L’AFNOR, porte-étendard du projet auprès de l’ISO
Justement, pour l’AFNOR, ce document de référence est la base d’une future standardisation du low-code/no-code.
« Dans les prochaines semaines, nous allons proposer l’AFNOR SPEC 2312 comme base d’une future norme ISO », annonce Julie Latawiec.
Pour que le texte soit accepté internationalement, un minimum d’organismes nationaux de normalisation adhérents à l’ISO « doit voter positivement », explique-t-elle. « Ensuite, il faudra faire du lobbying pour établir des partenariats et obtenir des votes favorables. Nous comptons sur votre aide pour mobiliser des contacts et des acteurs à l’échelle internationale », appelle-t-elle auprès des acteurs présents dans la salle.
Une fois accepté, le document de référence sera révisé pour s’assurer que tous les organismes des pays sont d’accord. Elle s’attend à ce qu’il en résulte un document « plus rigoureux ». Ce processus prendra entre deux et trois ans.
« L’objectif est d’avoir une norme internationale adoptée et constamment actualisée, avec la France en tête de cette initiative », déclare Julie Latawiec.
Pour rappel, une fois publiées, les normes ISO peuvent être révisées tous les cinq ans.

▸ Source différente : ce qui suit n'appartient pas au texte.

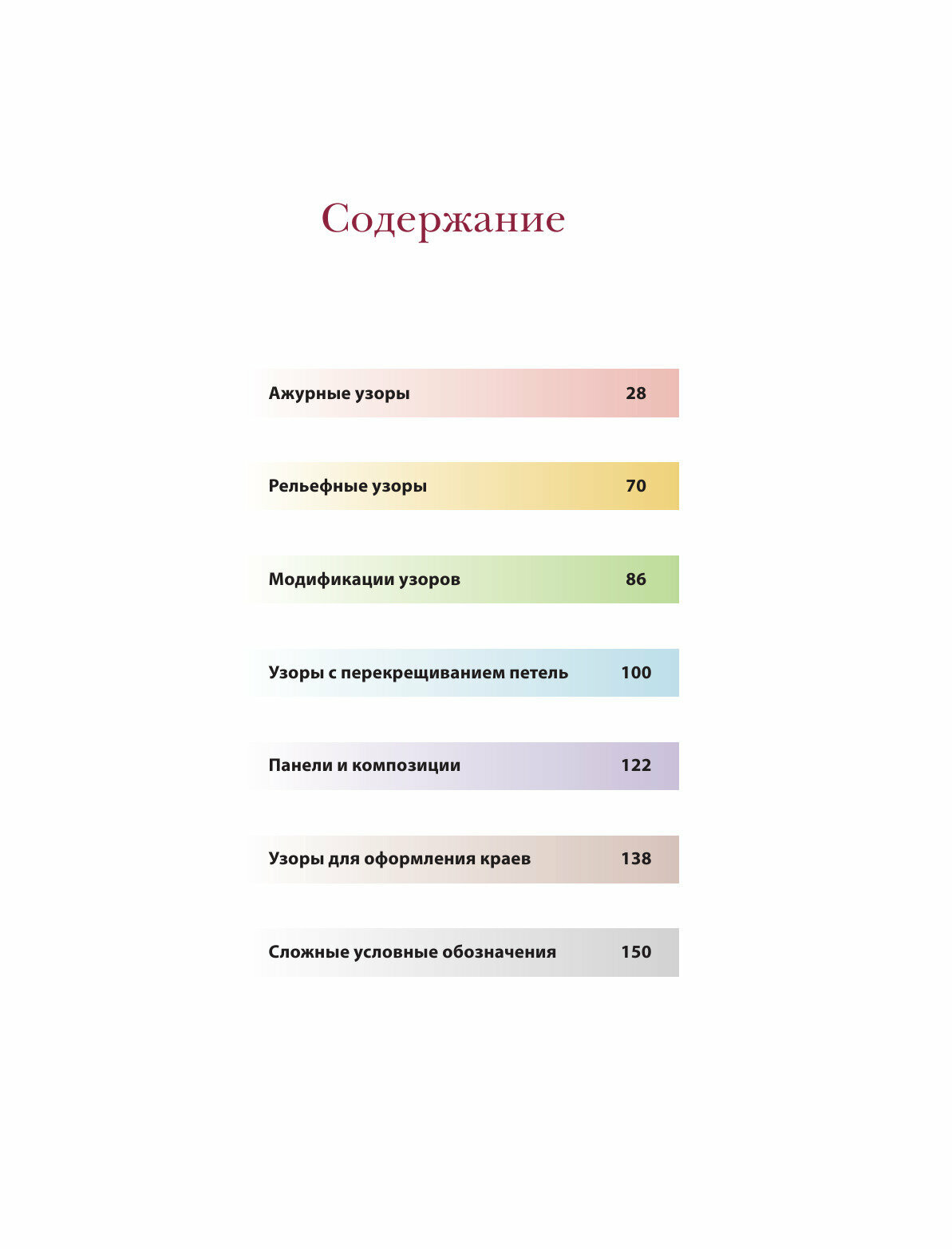 Книга предназначена для тех, кто постоянно находится в творческом поиске, для работы с ней достаточно даже начальных навыков вязания и немного усилий. Внятные и четкие схемы, необходимые пояснения в местах, где это необходимо, интуитивно понятная система условных обозначений, узоры всех видов, от ажуров до бордюров, удобный учебный раздел. Формат книги специально подобран так, чтобы представить схемы в оригинальном размере и при этом ею было удобно пользоваться и ставить на полку.

Les porte-parole de l’AFNOR et du SFPN s’attendent à ce que les technologies évoluent rapidement sous les effets des grands projets et de l’IA générative.
« Nous souhaitons que les acteurs français soient solides sur les bonnes pratiques à pousser en matière de low-code/no-code et qu’ils soient référents sur le marché international dans la mise en place d’un cadre de confiance », insiste Julie Latawiec.
La production de l’AFNOR SPEC 2312 n’est pas la première initiative censée diffuser le savoir sur le LCNC en France.
Le 1er janvier 2024, l’Administration France Compétences a accepté d’enregistrer au répertoire national des certifications professionnelles le rôle de « Product Builder no-code » et le considère comme un « rôle émergent ». Depuis la mi-juin, l’école CUBE, membre du SFPN, est le premier organisme (et pour l’instant le seul) à fournir une formation certifiante, pour ces futurs professionnels capables de concevoir des applications avec des plateformes LCNC, en respectant les grandes lignes listées dans le document de référence publié par l’AFNOR.